The 2nd BIRNDL workshop and the 3rd Microsoft Research Asia CL-SciSumm Shared Task at SIGIR 2017 will focus on the problems in Big Science – the explosion in the production of scientific literature and the growth of scientific enterprise1. This document comprises the full workshop proposal and call for papers.
This workshop is a follow-up to the successful NLPIR4DL workshops and Shared Tasks at JCDL 2016, TAC 2014 and ACL-IJCNLP 2009. The workshop and CL-SciSumm Shared Task generated a lot of interest and participation at JCDL 2016. All proponents heavily favoured an NLP venue for last year and this year, and are keen on participating again. Since 2012, some other workshop series around the same theme have been hosted at major ACL/IR conferences. This underscores the timeliness of our proposal as compared to other long-standing workshops, and the community’s growing interest in this topic.
The objective of our workshop is to provide a forum to enable the progression of research in the search and retrieval of scientific literature. Scientific literature is of interest to a wide variety of users, including academics, policymakers, practitioners, scholars and researchers with specific medical or industrial expertise. It is indexed in large digital repositories, such as the ACL Anthology, ArXiv, Web of Science, ACM Digital Library, IEEE database and Google Scholar, which allow access to digital papers and their metadata (including citations) and are visited daily by millions of users who search for and download papers, even as the size of the repositories grow by thousands every day. The large scale of scholarly publications poses a challenge for scholars in their search for relevant literature, as they are inundated with thousands of results. In the case of evidence-based medicinal research, the information overload problem could gravely impact their efficiency and critical decision-making abilities; as such, Big Science is a potent challenge with dire consequences. Some key aspects of this information overload problem are summarized below:
- Lack of automated assistance – Scholars conducting a literature survey are required to track individual papers over time, which could amass hundreds to thousands of related papers published per year. Digital libraries do not provide a ready reference of research trends, directions or key concepts to assist them and are required to implement greater automation to manage this signal-rich big data.

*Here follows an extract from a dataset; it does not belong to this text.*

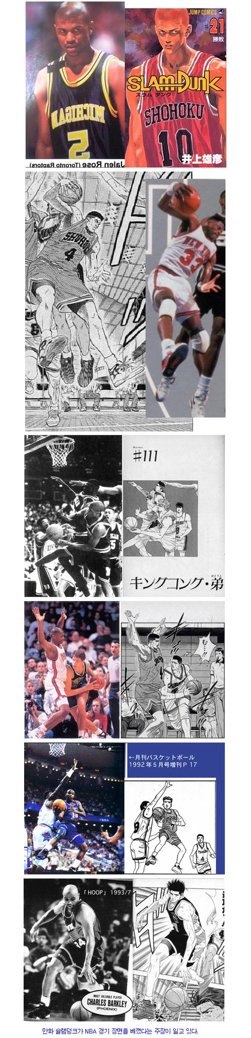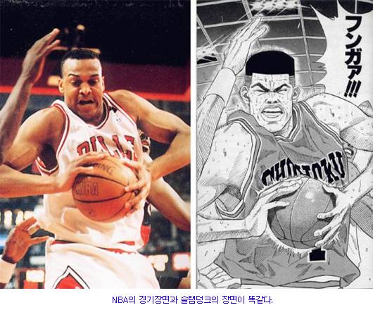 이들이 내세운 자료에 따르면 슬램덩크 속 유명한 장면들은 모두 NBA의 스틸 사진을 그대로 베꼈다. 강백호가 등장한 표지사진은 토론토 랩터스의 가드 제일런 로즈와 똑같고,채치수는 NBA 사상 위대한 선수 50인에 선정된 '킹콩 전사' 패트릭 유잉과 흡사한 사진도 있다.

- Lack of research focus – Digital libraries require semantic search, question-answering and automated recommendation and reviewing systems to manage and retrieve answers from scholarly databases. The state-of-the-art methods in NLP and IR cannot easily adapt to the context of scientific literature, with its specialized scientific document format, argumentation patterns and technical terminology. Even within a single disciple, scientific papers differ in their format – single papers contain text, figures, tables, images, references to related papers and resources.
- Lack of a standardized corpus – There is a need for established, standardized baselines or evaluation metrics and test collections to evaluate tools and technologies developed for digital libraries. A key requirement is a standardized reference corpus, which can be used for comparative objective benchmarking, research reproducibility and assessment. Through this workshop and its Shared Task, we are providing a corpus of over 500 Computational Linguistics research papers, inter-linked through a citation network, which we plan to double in the coming year.

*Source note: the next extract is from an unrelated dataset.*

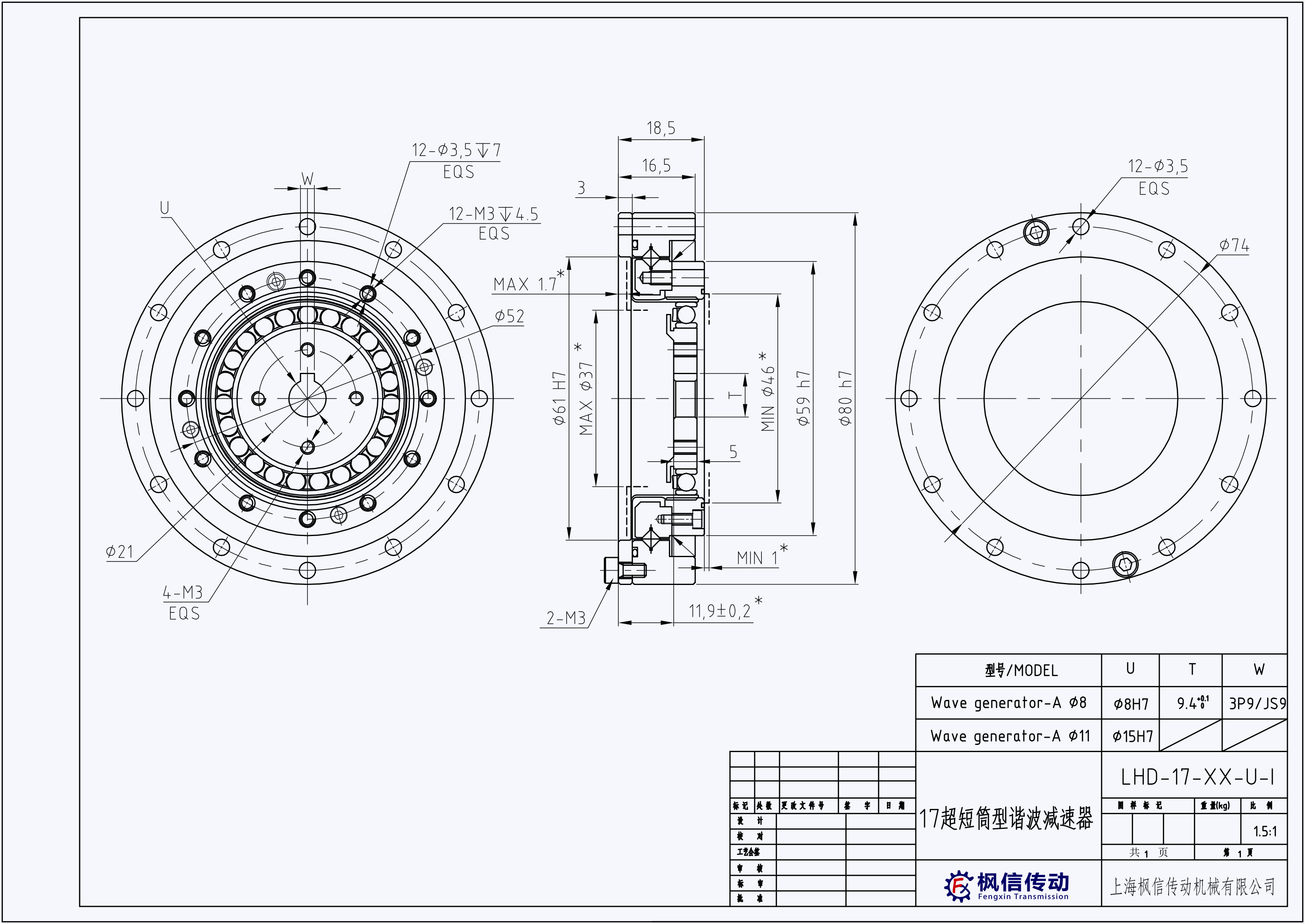 伺服电机谐波减速机LHD-14-XX-U-I LHD-17-XX-U-I LHD-20-XX-U-I

This workshop will address these challenges in a community forum, and provide resources to evaluate advanced tools for mining and accessing scientific publications. Full document text analysis can help to design semantic search, translation and summarization systems; citation and social network analyses can help digital libraries to visualize scientific trends, bibliometrics and relationships and influences of works and authors. All these approaches can be supplemented with the metadata supplied by digital libraries, inclusive of usage data, such as download counts. Further discussion and progression on this topic would be beneficial to the community.
This workshop will be relevant to scholars in Computational Linguistics, Natural Language Processing and Information Retrieval; it will also be important for all stakeholders in the publication pipeline: implementers, publishers and policymakers, in their efforts to disseminate the right published works to their audience. Finally, the approaches developed herein could aid individuals, universities and funding bodies to better assess the impact of scientific literature.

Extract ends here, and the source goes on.